Evaluating the downside risks of actively trading

On pure face value, active trading strategies that use trend following tend to outperform buy and hold strategies. When markets become overbought and roll over good traders leave, then when the market shows the beginnings of a rebound from oversold they buy back. While indicators and time frames may change, generally most active trading strategies follow this paradigm. 
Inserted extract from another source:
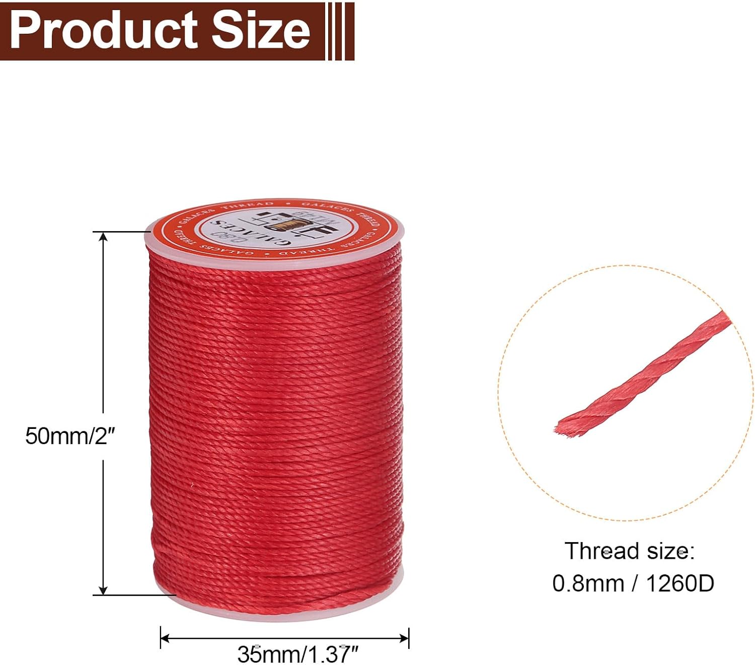 - [ Generous Length ] -With 55m (approx. 60 Yards) per spool 2 spools in total and a 0.80mm diameter, this round 1260D waxed polyester leather thread provides exceptional value. Its generous length reduces the need for frequent spool changes, allowing you to seamlessly complete multiple projects.

While trend following has shown consistent alpha in traditional markets, the blockchain space has unique risks associated with actively trading which can shift the risk/reward profile towards buy and hold. These unique categories of risks when trading include:

  • Exchange risk - using a centralized exchange that can freeze access to your funds at any time while being vulnerable to attack. 
  • Hedging risk - using instruments such as USDT to hedge against downside risk with fiat currency. 
  • Fees - frequent trading incurs higher fees both from exchanges and the blockchain networks
  • Theft/loss risk - Each exposure of a private key or password to access funds creates the potential for a theft or loss event. 
  • Interest payment losses - most large holdings in our portfolio incentivize continued support of the network through interest payments which can only be collected inside of personal wallets.

Trend Following

Trend following can include any type of basic technical analysis such as moving average crossovers, relative strength index, Bollinger Bands, etc that show when markets are overbought or oversold. Active traders can make consistent and significant alpha over buy and hold strategies through disciplined trading plans that employ tight stop losses and conservative trade management strategies.
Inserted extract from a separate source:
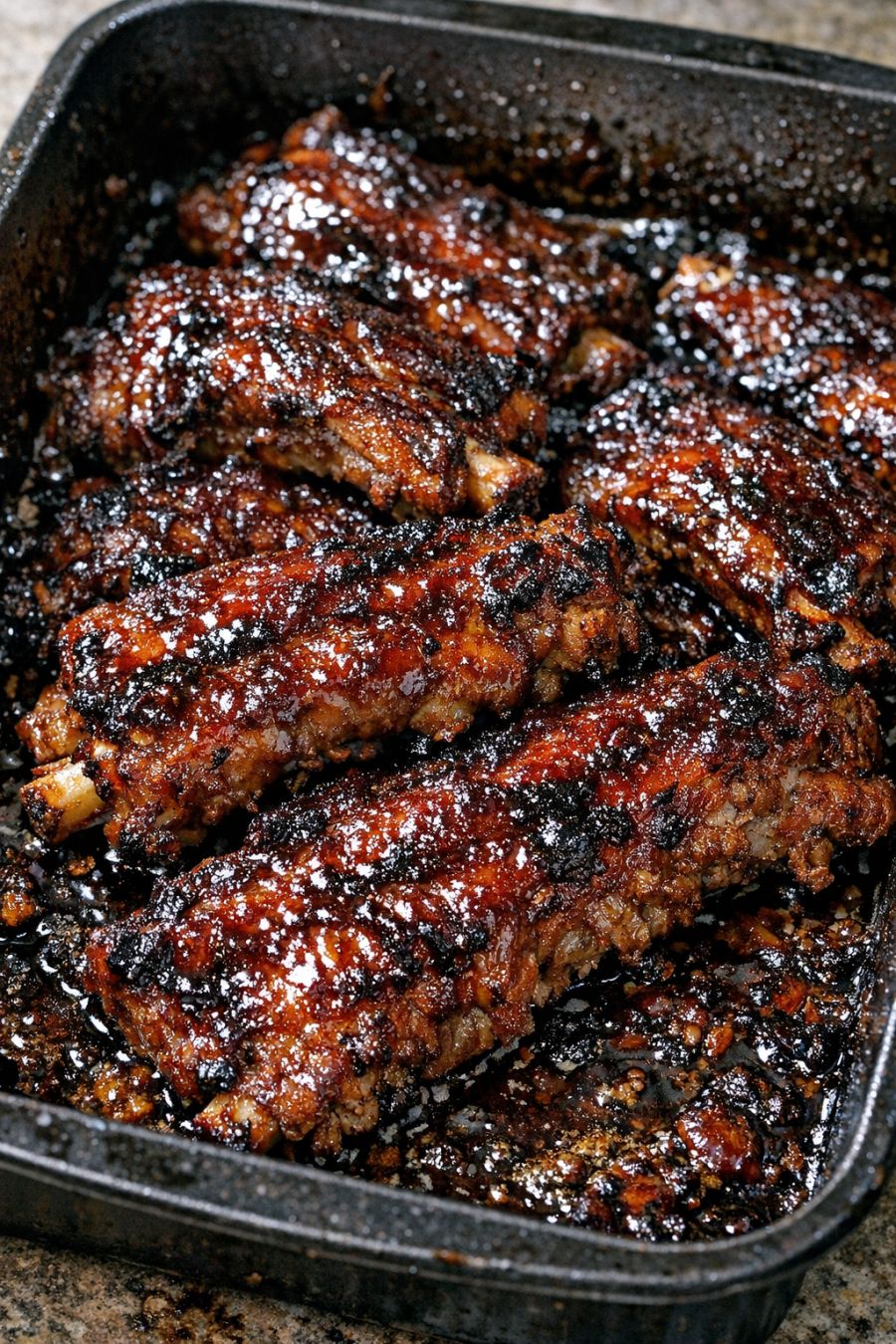 Let the ribs rest in the pan for about 10 minutes so the juices settle and the sauce clings nicely. Cut between the bones to separate the ribs, spoon more of the dark pan juices over the top, and serve hot straight from the roasting pan.

Even with such plans in place, market gyrations can "whipsaw" traders out of positions where buy and hold investors will capture the full extent of upward or downward price movement. Thus trend following strategies take considerably more time, effort, and skill, while also opening up the trader to the following downside risks unique to blockchain.

Exchange Risk

While some smaller decentralized exchanges exist, their lack of liquidity prevents them from being an attractive place to trade. Thus for the time being centralized exchanges offer the best place to actively trade. 
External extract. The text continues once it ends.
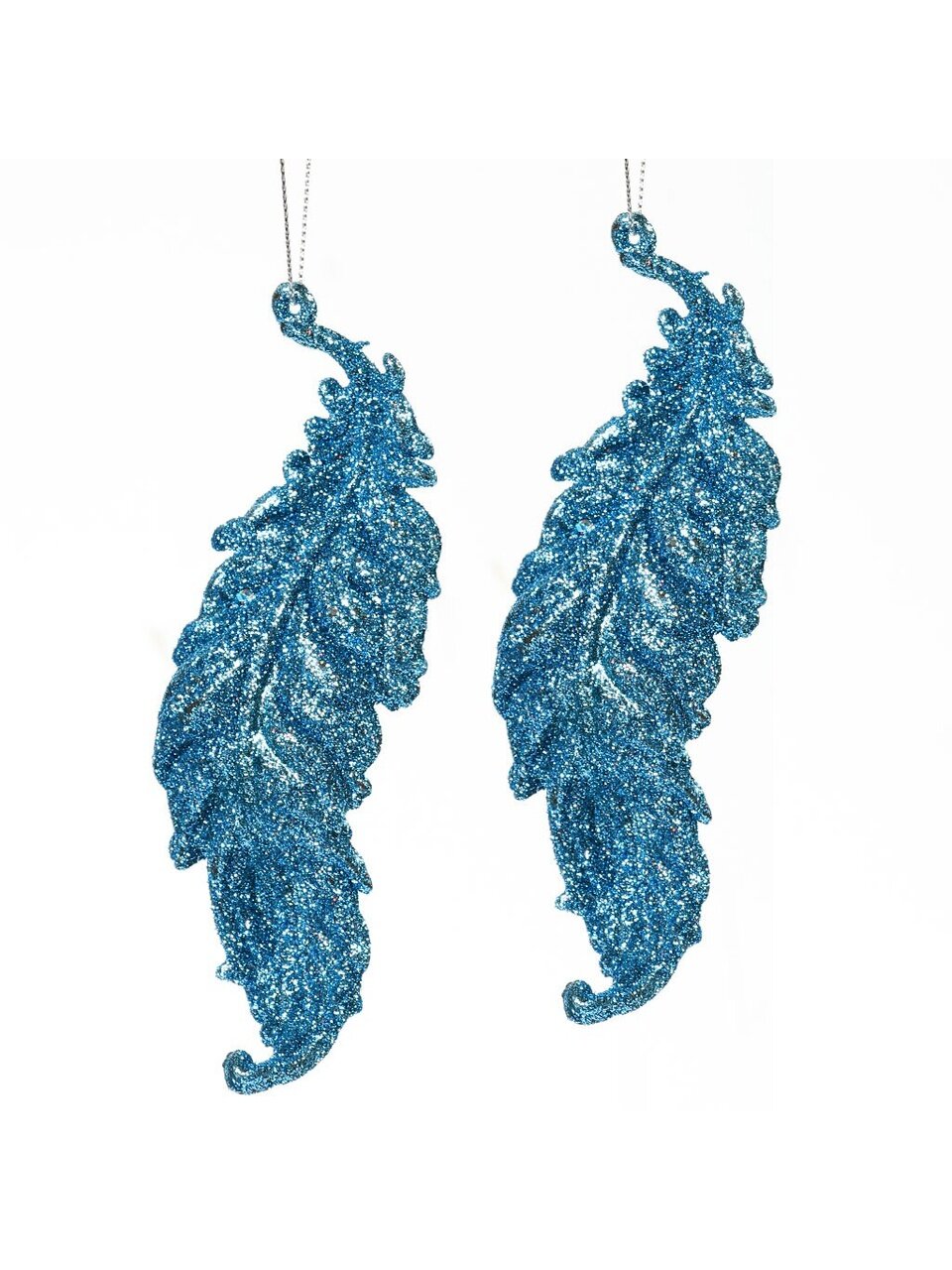 В комплекте 2 елочных пера голубого цвета с блестящим покрытием. Размер каждого — 13.5х14 см.

As evidenced with the BTC-e collapse and the continued pressure the Chinese government places on centralized exchanges, the most prudent course of action is to leave funds on exchanges for the least amount of time possible. However this incurs the additional cost in time and fees to not only place trades, but also place withdrawal orders back to personal wallets. 

Hedging Risk

When trend following, market data can signal to be out of blockchain tokens entirely and into fiat currency. The primary way traders hedge into fiat is with product called USDT. This is a blockchain token tied to the value of one US dollar. No major liquidity events have yet happened to test the USDT ability to pay users in US dollars, nor are the tax implications clear. 

Theft and Loss Risk

These risks cannot be over enough. Each time a transaction takes place there is the potential for the private keys and passwords to be captured by an adversary, or more commonly typing an erroneous sending address that will irreversibly send your funds to a non recoverable address.

Best practices can largely prevent these issues, but no transfer should ever be taken lightly. 

Interest Payments

Ending on a positive note, the mechanisms we look for in solid investment candidates also create additional returns through interest payments. These payments are generally only received in personal wallets, and not on exchanges.

True accretive returns can be tricky to calculate. While the additional number of tokens you own increases as payments are received, depending on your percent ownership in the network, and how many other accounts are also claiming interest payments, the dilution in the total tokens in supply can offset any interest payment gains. 

As an example NEM has only 9 billion tokens that will ever be created, thus each interest payment received from helping to validate transaction is 100% accretive. Eg your ownership share in the network increases. 

Conversely, in projects such as Ark, interest payments are shared by over 60% of the network thus the total supply grows roughly at pace with additional tokens received. This is further complicated as each project has a unique emissions schedule. For instance Ark reduces interest rate each year to encourage early adoption.

Final thoughts

The satisfaction of a well executed trade, and additional alpha from deploying a consistently winning strategy can make active trading worth the potential downside risks. 

Our fund has shifted into lower velocity investment strategies aligned more closely with the Berkshire Hathaway philosophy. Like Berkshire, we sit on a fairly large cash reserve as a percentage of investable assets. We then perform deep analysis to identify strong projects at attractive valuations, and view ourselves as long term owners of the project.

Knowing the potential downside risks mentioned above can help investors to make more informed decisions when choosing the trading strategies that work best with their level of risk tolerance.